START Data provided

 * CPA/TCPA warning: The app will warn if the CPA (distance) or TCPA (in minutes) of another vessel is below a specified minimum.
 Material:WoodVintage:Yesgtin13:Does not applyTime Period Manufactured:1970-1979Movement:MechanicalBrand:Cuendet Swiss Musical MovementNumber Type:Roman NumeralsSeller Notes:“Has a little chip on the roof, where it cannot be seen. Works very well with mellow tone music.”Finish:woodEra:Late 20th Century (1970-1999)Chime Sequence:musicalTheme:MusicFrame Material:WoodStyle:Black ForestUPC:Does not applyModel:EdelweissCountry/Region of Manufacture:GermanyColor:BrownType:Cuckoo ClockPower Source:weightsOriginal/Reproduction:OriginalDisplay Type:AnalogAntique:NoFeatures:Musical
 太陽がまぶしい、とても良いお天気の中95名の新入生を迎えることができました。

END Data provided
START Data provided

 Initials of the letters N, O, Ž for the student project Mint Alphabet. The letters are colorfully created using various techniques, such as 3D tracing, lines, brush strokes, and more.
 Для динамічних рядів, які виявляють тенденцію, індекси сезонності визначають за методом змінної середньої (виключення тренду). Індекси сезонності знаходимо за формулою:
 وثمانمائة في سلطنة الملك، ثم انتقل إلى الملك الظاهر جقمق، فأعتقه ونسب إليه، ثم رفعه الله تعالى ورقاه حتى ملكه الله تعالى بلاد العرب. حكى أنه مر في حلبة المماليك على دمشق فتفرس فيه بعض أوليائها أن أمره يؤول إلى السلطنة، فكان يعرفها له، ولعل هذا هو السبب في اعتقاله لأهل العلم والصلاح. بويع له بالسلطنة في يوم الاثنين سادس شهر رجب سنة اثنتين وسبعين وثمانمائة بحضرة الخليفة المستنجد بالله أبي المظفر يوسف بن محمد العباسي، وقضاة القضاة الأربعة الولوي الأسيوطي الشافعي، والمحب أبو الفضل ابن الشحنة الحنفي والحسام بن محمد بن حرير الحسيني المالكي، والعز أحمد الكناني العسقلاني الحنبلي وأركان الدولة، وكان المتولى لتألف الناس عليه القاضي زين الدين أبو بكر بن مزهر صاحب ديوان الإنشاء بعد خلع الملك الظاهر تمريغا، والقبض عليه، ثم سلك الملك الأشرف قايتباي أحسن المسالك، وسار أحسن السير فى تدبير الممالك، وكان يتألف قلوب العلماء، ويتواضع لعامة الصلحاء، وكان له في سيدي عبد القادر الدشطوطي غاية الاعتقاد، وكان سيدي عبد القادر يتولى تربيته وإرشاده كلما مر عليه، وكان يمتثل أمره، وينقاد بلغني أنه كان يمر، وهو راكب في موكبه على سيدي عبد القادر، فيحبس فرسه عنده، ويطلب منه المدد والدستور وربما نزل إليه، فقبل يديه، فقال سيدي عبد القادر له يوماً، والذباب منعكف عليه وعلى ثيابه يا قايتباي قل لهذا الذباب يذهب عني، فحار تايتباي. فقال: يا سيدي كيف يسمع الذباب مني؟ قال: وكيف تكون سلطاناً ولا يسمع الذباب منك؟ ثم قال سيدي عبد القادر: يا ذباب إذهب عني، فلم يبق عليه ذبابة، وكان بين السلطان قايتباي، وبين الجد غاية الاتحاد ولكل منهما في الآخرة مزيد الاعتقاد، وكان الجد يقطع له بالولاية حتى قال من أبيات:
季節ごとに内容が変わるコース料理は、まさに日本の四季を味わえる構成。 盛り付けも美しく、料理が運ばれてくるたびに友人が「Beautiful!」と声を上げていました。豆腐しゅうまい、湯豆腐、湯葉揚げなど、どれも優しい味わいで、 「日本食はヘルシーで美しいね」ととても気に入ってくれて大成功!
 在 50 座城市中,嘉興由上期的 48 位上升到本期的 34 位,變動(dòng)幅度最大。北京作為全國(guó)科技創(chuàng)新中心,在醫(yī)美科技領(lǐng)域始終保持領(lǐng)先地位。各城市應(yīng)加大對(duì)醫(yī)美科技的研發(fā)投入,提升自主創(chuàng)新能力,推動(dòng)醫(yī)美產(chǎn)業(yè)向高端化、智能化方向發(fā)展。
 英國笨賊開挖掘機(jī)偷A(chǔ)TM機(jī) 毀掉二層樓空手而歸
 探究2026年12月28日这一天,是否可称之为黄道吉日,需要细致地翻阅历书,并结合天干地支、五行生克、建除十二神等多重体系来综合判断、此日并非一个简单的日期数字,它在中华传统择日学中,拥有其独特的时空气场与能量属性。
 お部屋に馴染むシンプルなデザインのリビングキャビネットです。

END Data provided
START Data provided

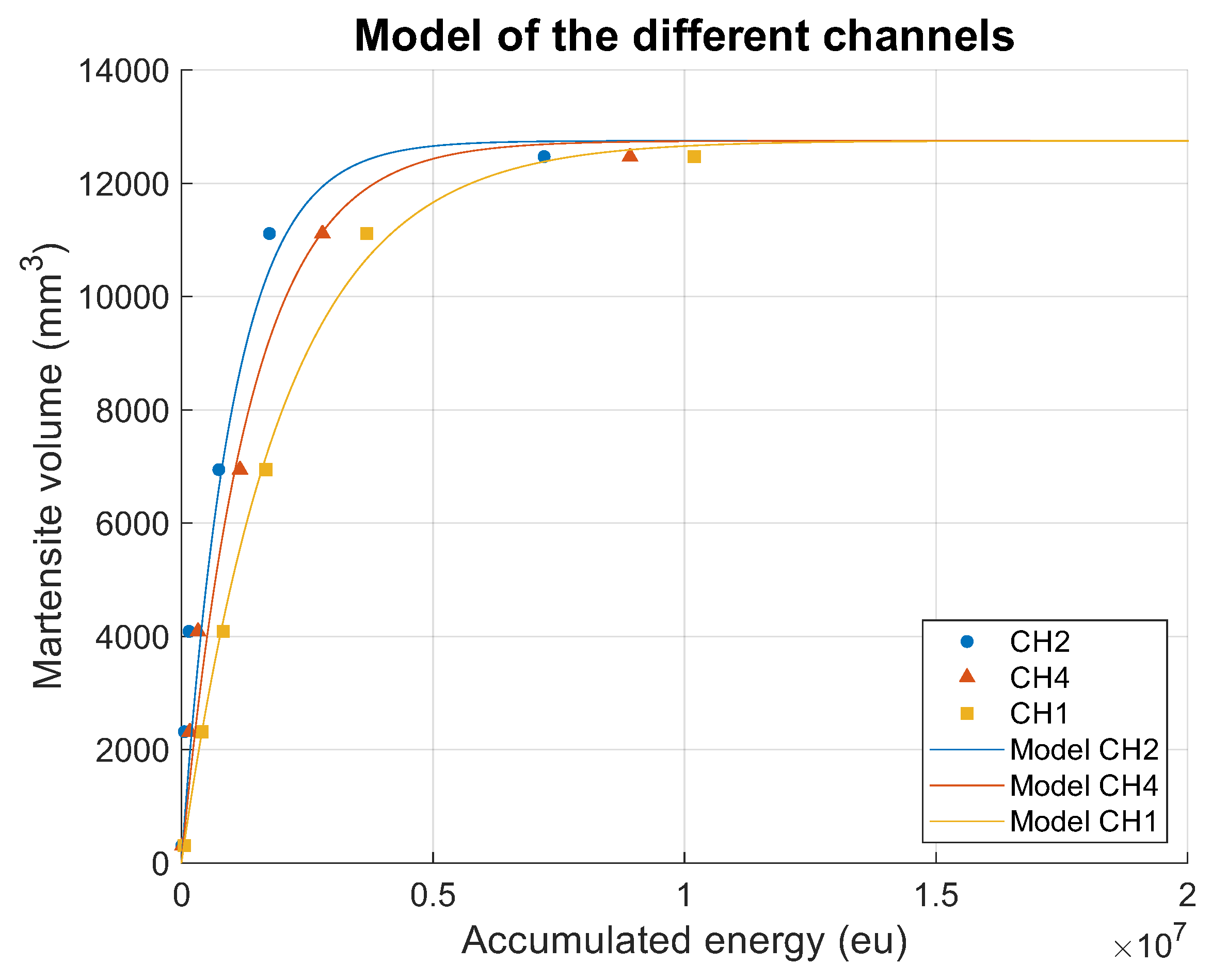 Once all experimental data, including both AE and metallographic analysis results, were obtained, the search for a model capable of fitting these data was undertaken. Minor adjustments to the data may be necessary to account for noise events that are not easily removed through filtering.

END Data provided

Beginning with the line containing "探究2026年12月28日这" in the material above, copy every line exactly until you have copied the line containing "お部屋に馴染むシンプルなデザインのリビングキャビネットです。".

 探究2026年12月28日这一天,是否可称之为黄道吉日,需要细致地翻阅历书,并结合天干地支、五行生克、建除十二神等多重体系来综合判断、此日并非一个简单的日期数字,它在中华传统择日学中,拥有其独特的时空气场与能量属性。
 お部屋に馴染むシンプルなデザインのリビングキャビネットです。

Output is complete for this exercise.